Your objective ->
Please give back, exactly as written, the lines from the line with "サンゴの間にはキモガニ、ミスジチョウチョウウオ、ヤリカタギ、フ" to the line with "典礼在生动的商院介绍视频和庄" in the listing below, leaving out all pictures.

Dataset section ->
■ ■ ■
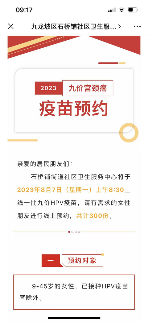 石桥铺街道社区卫生服务中心8月7日有扩龄九价HPV疫苗,快约!有300份,感觉应该还是比较好抢。8月7日上午8:30,大家把闹钟告起哦。
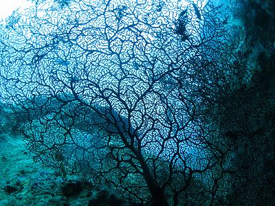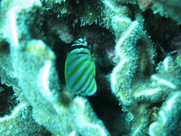 サンゴの間にはキモガニ、ミスジチョウチョウウオ、ヤリカタギ、フ
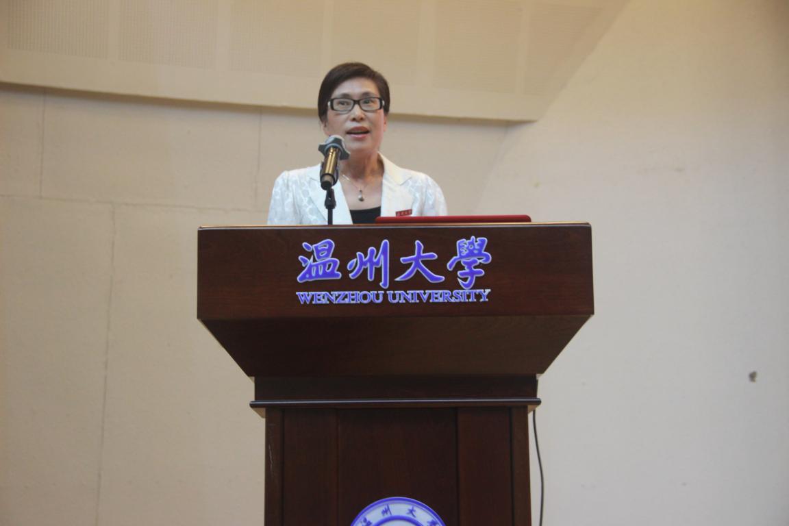 典礼在生动的商院介绍视频和庄严肃穆的奏唱国歌仪式中正式拉开了序幕。院党委书记郑彩莲为新生做《不努力,就出局》的开学致辞。她指出,一代人有一代人的使命,一届学生有一届学生的使命,希望同学们在温大求学期间,抱定宗旨,学好专业知识长好本领光大国族造福人群。郑书记用轻快活泼的语言和内容表达出“不努力,就出局!”的命题,她希望同学们讲规矩定戒律,讲修身,担使命,乐观开朗,紧握新时代中国特色社会主义大格局。她不时的肢体语言和生动的语气让同学们时不时地捧腹大笑,引发深深地共鸣。
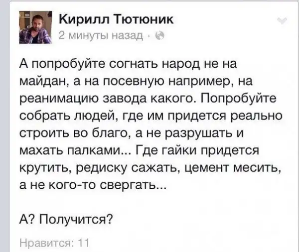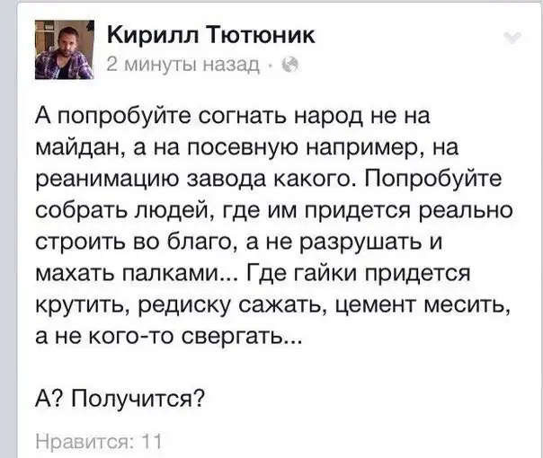 Ну на счет бетона мне кажется явный перебор. Как минимум пловина народу там вполне трезво оценивают ситуацию и понимают, что вся эта бодяга произошла из-за нескольких мудаков, пришедших к власти в том числе при непосредственной "дружеской" помощи дяди Сэма. А бетонировать я бы начал с Ющенко, потом Тимошенко, Турчинов, Тягнибок, Яценюк. Ну и Яныку тоже за воротник не мешало бы раствора налить за то, что такую страну просрал.
■ ■ ■
Result below ->
 サンゴの間にはキモガニ、ミスジチョウチョウウオ、ヤリカタギ、フ
 典礼在生动的商院介绍视频和庄严肃穆的奏唱国歌仪式中正式拉开了序幕。院党委书记郑彩莲为新生做《不努力,就出局》的开学致辞。她指出,一代人有一代人的使命,一届学生有一届学生的使命,希望同学们在温大求学期间,抱定宗旨,学好专业知识长好本领光大国族造福人群。郑书记用轻快活泼的语言和内容表达出“不努力,就出局!”的命题,她希望同学们讲规矩定戒律,讲修身,担使命,乐观开朗,紧握新时代中国特色社会主义大格局。她不时的肢体语言和生动的语气让同学们时不时地捧腹大笑,引发深深地共鸣。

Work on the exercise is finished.